Ottawa beat San Jose 4-3 despite being outplayed and losing Mike Hoffman during the game (which presumably means we’ll get a steady diet of Curtis Lazar accomplishing nothing in a scoring role). Ross A provides the blow-by-blow for those who missed it.
Speaking of Ross A, he interviewed moribund Ottawa Citizen journalist Ken Warren who, not surprisingly, simply echoed management’s opinions when relevant. Inexplicably Ross did not ask Ken about analytics, although I’d be shocked if Ken was anymore open to it than Bruce Garrioch. There’s no need for fans to be alarmed by Warren’s unimpressive efforts because Ottawa is blessed with excellent coverage from fans (something that won’t really change so long as the newspapers here prefer and can afford their management-friendly coverage).
I don’t care about the NHL All-Star game and I certainly don’t watch it, but it is interesting to see the blustery, conservative NHL fold to public pressure to put John Scott back into the game after indicating repeatedly they would not.

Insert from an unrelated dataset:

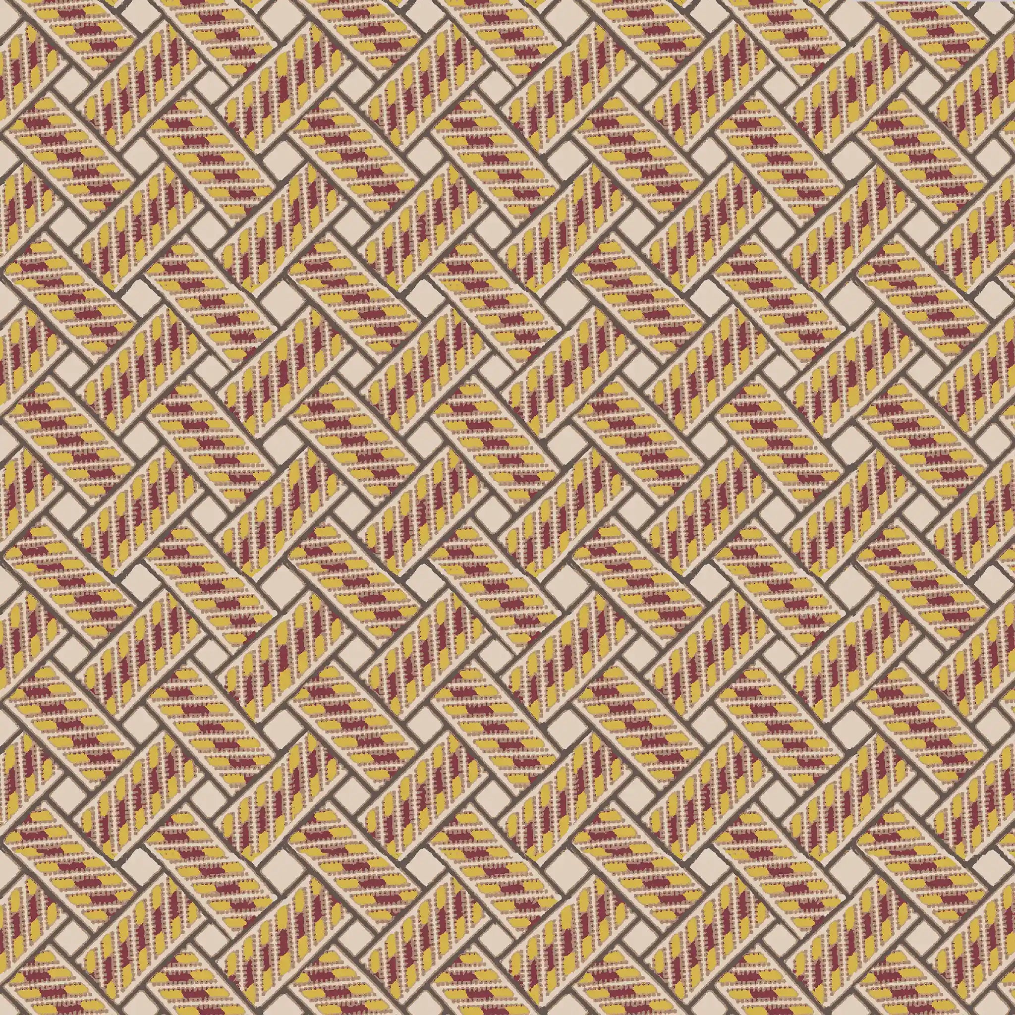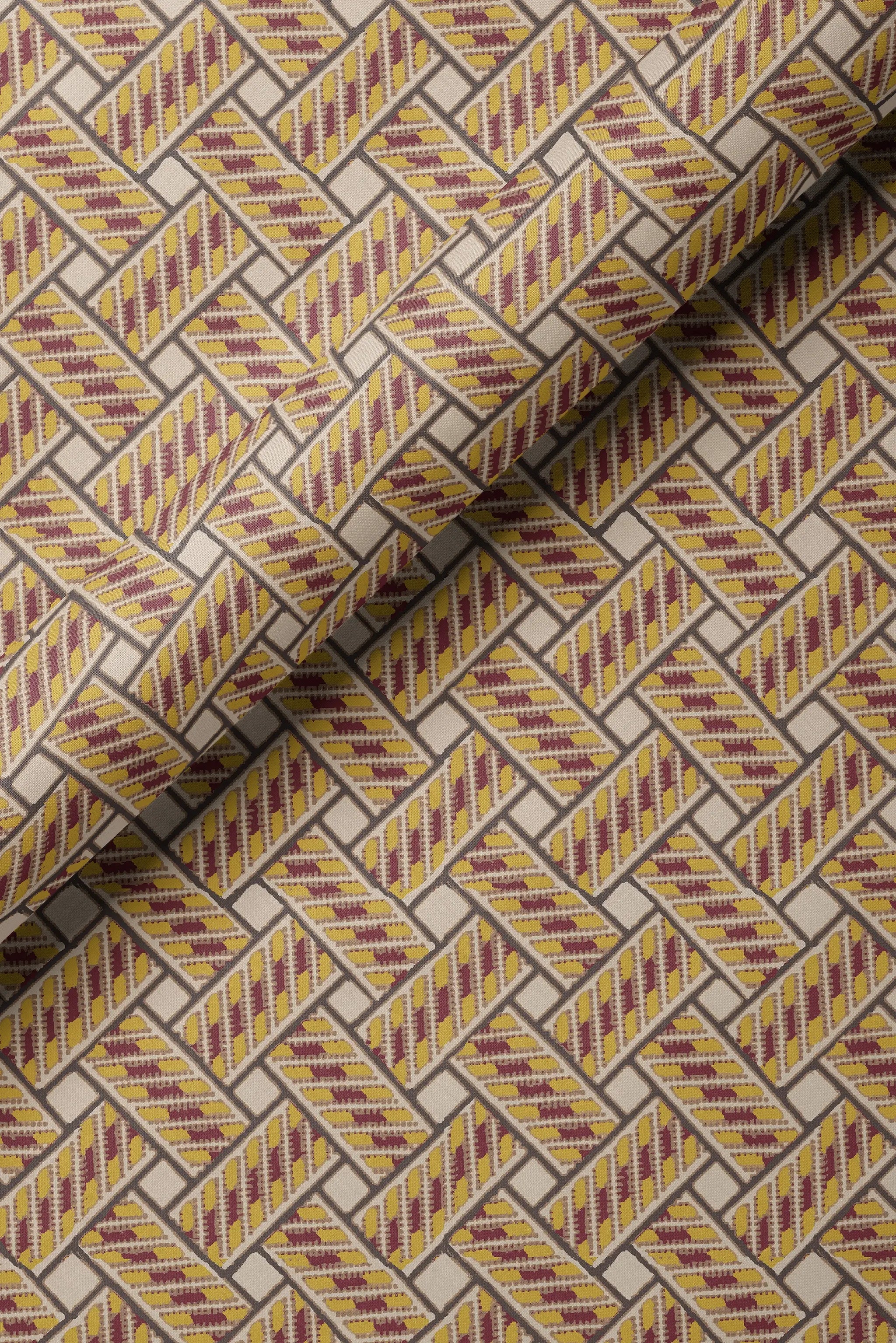 Believe it or not, this design was inspired by the latticed brickwork of our garden terrace. Many hours were spent riding our bikes around with only our loyal dog to cheer us on. We love how the trompe l’oeil effect gives depth whilst the geometric design brings a sense of order and balance.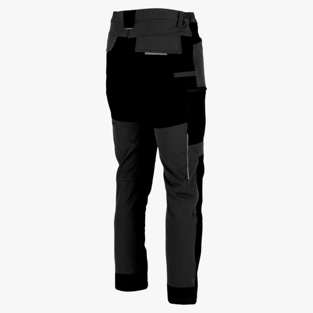 Modern, Slim-Fit szabású, kényelmes és elasztikus anyagból készült LAHTI PRO munkaruha nadrág, erősített varássokkal, sokoldalú tárolózsebekkel, és fényvisszaverő elemekkel.

There was an enormous amount of pushback by the league and its various shills in the media against his selection; the narrative spun was that those clammering for Scott were a small number of trolls of no consequence and there was a great deal of glad-handing when Scott was banished to the AHL. Clearly that was all bluster from the league as the lumbering goon will captain the Pacific Division. Seeing the NHL actually bow to something so trivial gives me hopes that on more serious issues when the league drags its heels we could also change with enough public pressure.

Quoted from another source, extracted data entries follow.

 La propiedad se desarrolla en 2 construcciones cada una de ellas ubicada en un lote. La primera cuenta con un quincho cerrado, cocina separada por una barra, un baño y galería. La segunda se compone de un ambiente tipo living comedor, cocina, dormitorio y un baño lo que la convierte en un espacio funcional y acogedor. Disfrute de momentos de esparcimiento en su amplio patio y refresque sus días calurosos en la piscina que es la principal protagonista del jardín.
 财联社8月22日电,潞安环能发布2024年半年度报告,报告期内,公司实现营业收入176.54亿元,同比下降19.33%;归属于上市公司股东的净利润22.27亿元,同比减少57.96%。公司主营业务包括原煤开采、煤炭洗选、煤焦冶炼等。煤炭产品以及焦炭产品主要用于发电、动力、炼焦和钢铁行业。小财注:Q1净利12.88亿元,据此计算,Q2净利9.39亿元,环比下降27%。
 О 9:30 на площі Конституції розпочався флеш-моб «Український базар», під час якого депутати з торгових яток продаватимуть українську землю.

[A lot roster update: Troy Rutkowski and Ben Harpur were sent down to Evansville.]
Binghamton lost it’s rematch with the Amerks 2-1 on Saturday where the identical lineup couldn’t score enough to overcome Rochester’s limited pop on the powerplay (despite badly outshooting them and limited the Amerks offensive opportunities). Here’s the play-by-play:
–Schneider with a steal and Lindberg has a great chance in front
–Allen turns it over behind the net, but the Amerk pass in front misses the target
1. PP goal (looked like it went off an Amerk, which makes it Allen‘s goal, but Stortini was given credit)
–Lindberg just misses the net with a backhand all alone in front
–Dzingel with the dangle and Robinson has a great chance between the circles
–Paul hits the post with a deflection
Second
–Penny with a good defensive play in front (deflecting away a centering pass)
2. On the PK neither Fraser nor Allen can wrangle the puck and the Amerks bang home the rebound
–Sdao throws it up the gut and is very fortunate it doesn’t wind up back in the net (O’Dell bails him out)
-Great back-to-back saves by Greenham off Amerks in front
–Robinson with a chance below the dot
–Dziurzynski takes a dumb crosschecking penalty
3. One-timer from the top of the circle beats Greenham on the PP
–Lindberg with a great pass to Puempel who can’t put it past the Amerk ‘tender
–Lepine takes a dumb holding call in the offensive zone
Third
–Lepine passes to the wrong team, but nothing comes of it
–Schneider tries to go five-hole on a one-on-one rush
–Greening with a great chance off a rebound in front
–Dzingel rushes up the gut but runs out of room
-Despite getting a late powerplay with just under 4o seconds to go, the Sens don’t get a shot on goal
This was one of Binghamton’s better games, but their habitual march to the penalty box finally caught up to them (along with an inspired performance for the Amerk’s goaltender). Scott Greenham wasn’t particularly busy, which is pretty rare for goaltenders in Senators games. The loss basically comes down to discipline, which has been a problem all season.
The IceMen haven’t played since my last post, but they did make one roster move, releasing unimpressive SPHL defenseman Nicholas Kuqali. This means the team is getting healthier and should help them going forward.